English courtier, nobleman and politician

William Somerset, 3rd Earl of Worcester (c. 1526/1527 – 21 February 1589) was an English courtier, nobleman, and politician. He was the eldest son of Henry Somerset, 2nd Earl of Worcester and his second wife Elizabeth Browne.

== Earl of Worcester ==

Quartered arms of Sir William Somerset, 3rd Earl of Worcester

On 26 November 1549, he succeeded his father and became the 3rd Earl of Worcester.

Worcester supported Lady Jane Grey in 1553. He was invested as Knight Companion of the Order of the Garter (KG) in 1570. He was a patron of the arts, and sponsored - among others - the Elizabethan actor Edward Alleyn.

In January 1573, he was sent to France to the baptism of Marie Elisabeth of France.
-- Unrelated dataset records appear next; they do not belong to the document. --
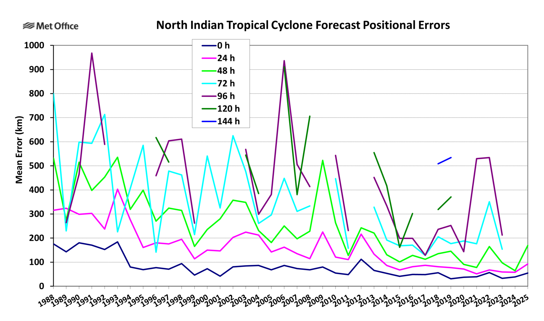 The Met Office tropical cyclone web pages contain information on tropical cyclone forecasting at the Met Office. Summaries of tropical cyclone observed activity and Met Office forecast track and intensity prediction errors are published at the end of each season, together with other useful information including lists of names and real-time tropical cyclone forecast guidance.
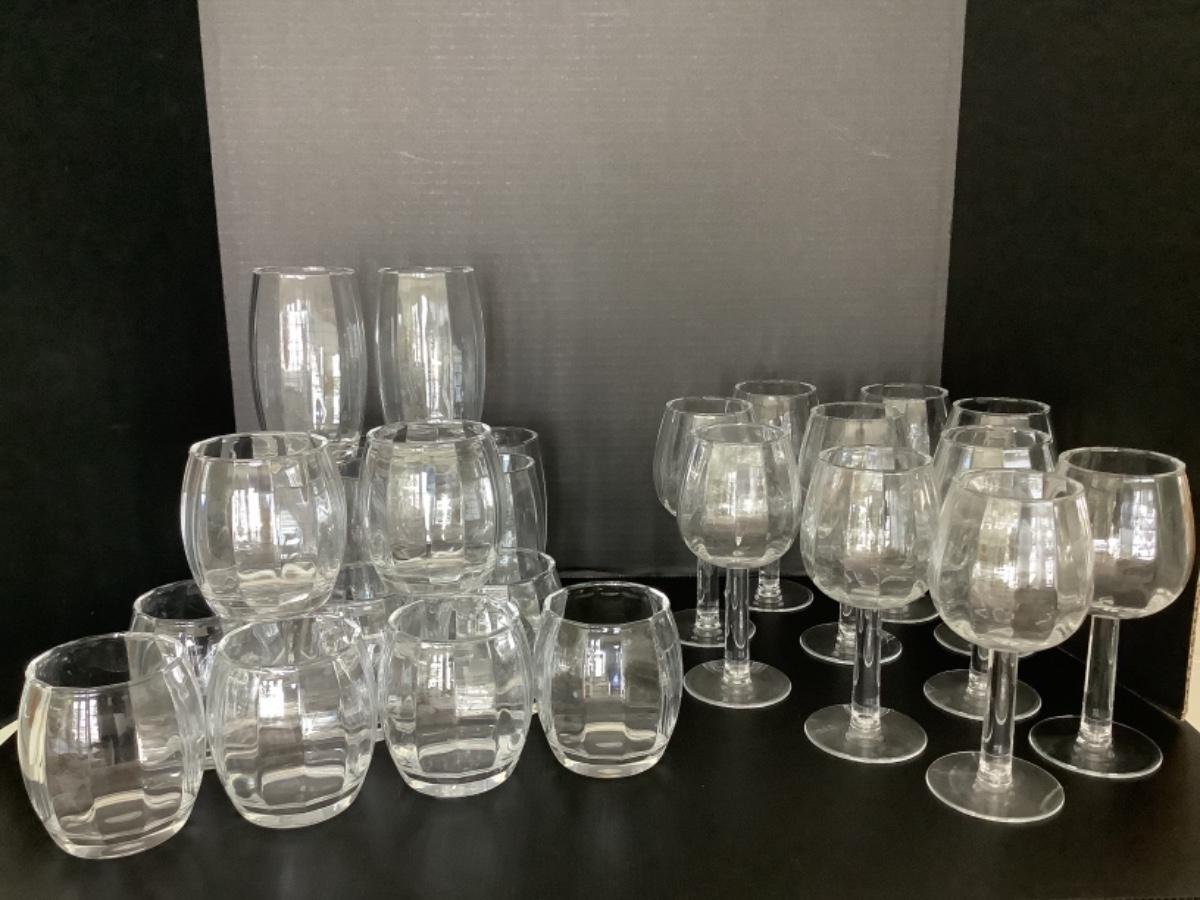 10 wine measuring 7.5” high , 8 high ball measuring 6” high , and 9 lowball measuring 4” high
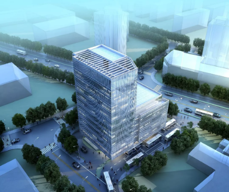 公交外灘中心站位于寧波市江北區人民路西側、瑪瑙路以東、外灘大橋以南,距外灘大橋地鐵站約400米,可實現與地鐵2號線的有效銜接,對外灘片區客流的引入和疏散、緩解周邊交通擁堵起到積極的作用。項目總占地面積為3013平方米,建筑面積為10228平方米,于2016年4月26日開工,2018年1月14日竣工。大樓總高49.95米,為地上十一層和地下一層組合的公交綜合體,地面一層為公交首末站和公交調度用房,具備3條公交線路的運行能力,地下室為小汽車停車場和設備用房。
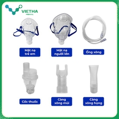 ✅ Phụ kiện đầy đủ: Gồm mặt nạ người lớn, mặt nạ trẻ em, càng xông họng, càng xông mũi, dây xông và cốc xông.

His ship was attacked by pirates, who captured a second boat carrying several of his attendants.

== Marriages and children ==
Before 19 May 1550, Worcester married Christiana North, daughter of Edward North, 1st Baron North and his wife Alice Squire. They were parents to three children:
- Edward Somerset, 4th Earl of Worcester (d. 3 March 1628).
- Elizabeth Somerset. Married William Windsor. He was a namesake son of William Windsor, 2nd Baron Windsor by his wife Margaret Sambourne.
- Lucy Somerset. Married Henry Herbert, Esquire.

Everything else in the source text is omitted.